Nigerian Air Force officer (born 1972)

Air Marshal Sunday Kelvin Aneke (born 20 February 1972) is a Nigerian Air Force officer who serves as the Chief of the Air Staff. He was appointed to the position by President Bola Ahmed Tinubu in 2025. Aneke is a career officer of the Nigerian Air Force and has previously served in senior command, operational, and staff appointments within the service.

== Early life and education ==
Sunday Kelvin Aneke was born on 20 February 1972 in Makurdi, Benue State, Nigeria. He attended Army Children School, New Cantonment, Kaduna, before proceeding to Government College, Kaduna, where he obtained his secondary education.

He was admitted into the Nigerian Defence Academy in 1988 as a member of the 40th Regular Course and was commissioned into the Nigerian Air Force in 1993. Aneke holds a Bachelor of Science degree in Physics.

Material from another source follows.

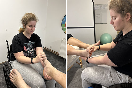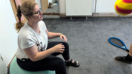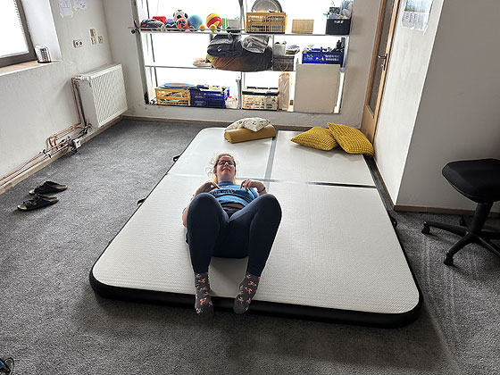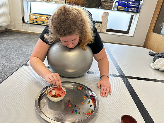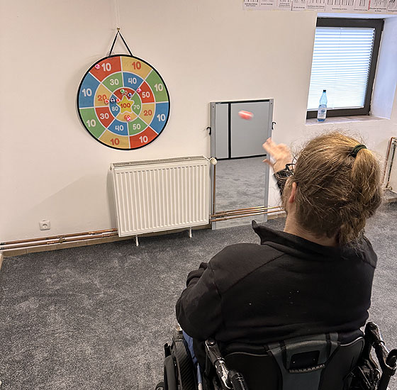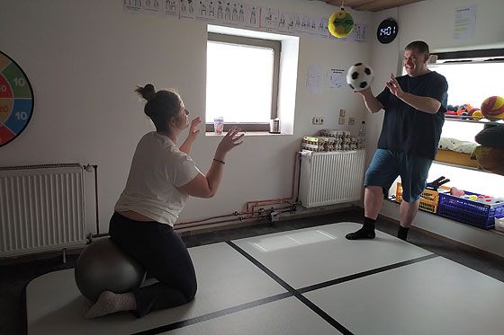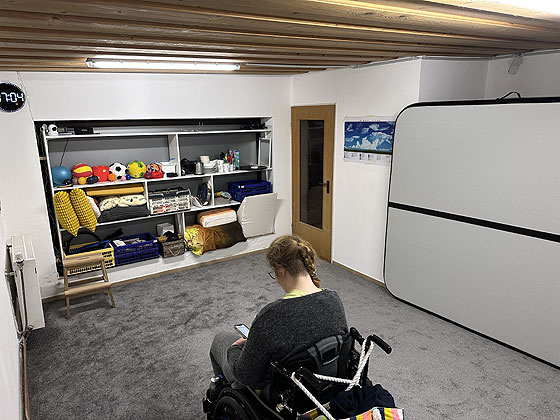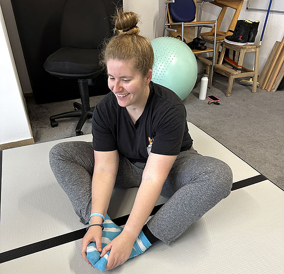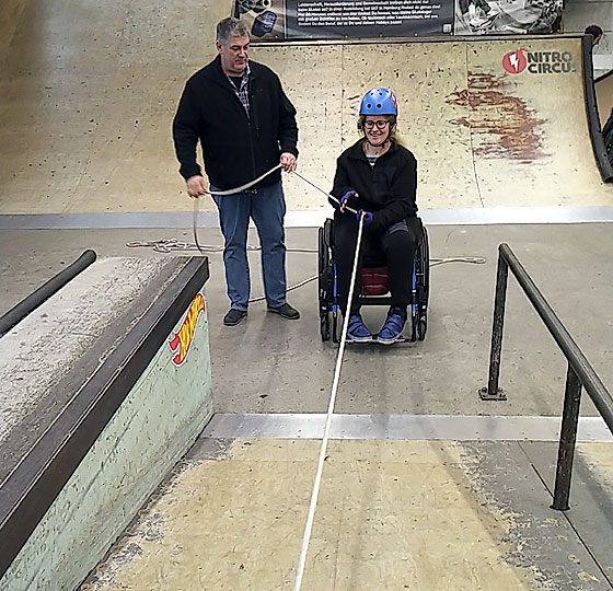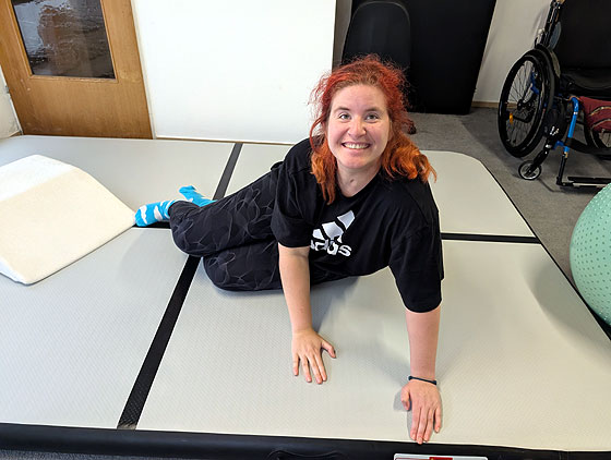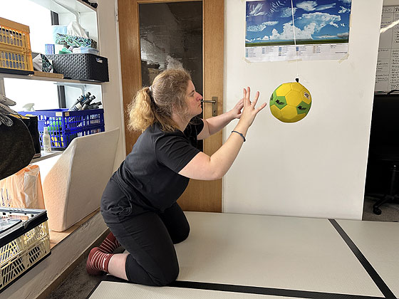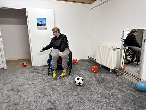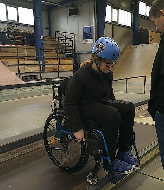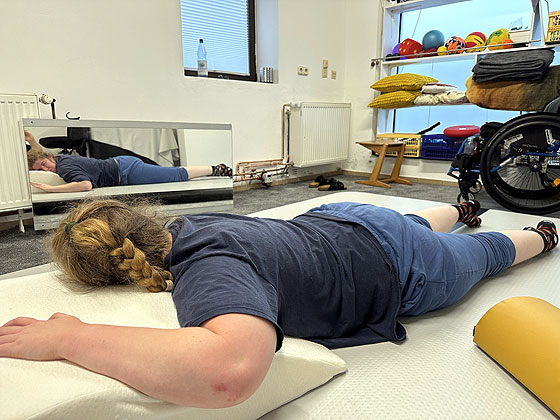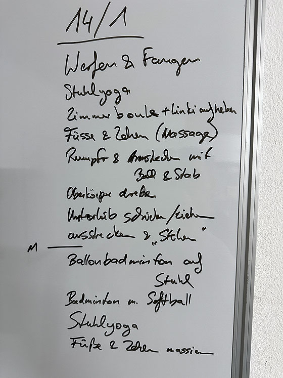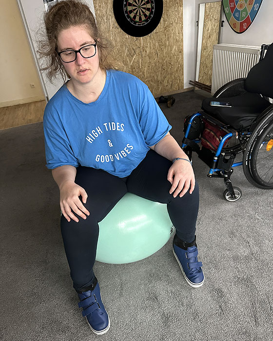 Auch beim Standing sind wir weiter drangeblieben und fördern immer mehr das selbstständige Aufstehen aus dem Rollstuhl – anfangs noch verstärkt mit Festhalten und Hochziehen:
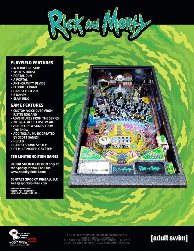 At long last Rick and Morty has a pinball machine. Spooky Pinball's newest creation has certainly caused a stir in the pinball world. So much so, that the machine sold out within a few hours of pre-sales going live. This was a first for Spooky — and likely in pinball history. The pin comes in two versions: Limited Edition (limited to 750), and the Blood Sucker edition.

He later obtained postgraduate qualifications in management, international affairs and diplomacy, and political economy and development studies from Nigerian universities.

== Military career ==
Aneke is a career officer of the Nigerian Air Force and has served in a wide range of command, operational, and staff appointments during his service. His early career included administrative and logistics roles at the Aircraft Overhaul Centre, Aircraft Maintenance Depot, Ikeja, and instructional and logistics appointments at the Flying Training School in Kaduna.

He has participated in several military operations within and outside Nigeria. Between 2004 and 2005, he took part in intelligence, surveillance, and reconnaissance operations in the Niger Delta under Operation Restore Hope. He also served with the United Nations peacekeeping mission in the Democratic Republic of Congo, where he held air operations responsibilities in Kinshasa and the Kindu region.

Aneke later held senior appointments within the Nigerian Air Force, including command and operational roles at the Presidential Air Fleet, Air Training Command, Tactical Air Command, and Nigerian Air Force Headquarters. He served as Director of Safety and Director of Policy at Headquarters Nigerian Air Force, and later as Deputy Commandant of the Nigerian Defence Academy.

Prior to his appointment as Chief of the Air Staff, he served as the Air Officer Commanding, Nigerian Air Force Mobility Command, based in Yenagoa. On 30 October 2025, he was appointed Chief of the Air Staff of Nigeria.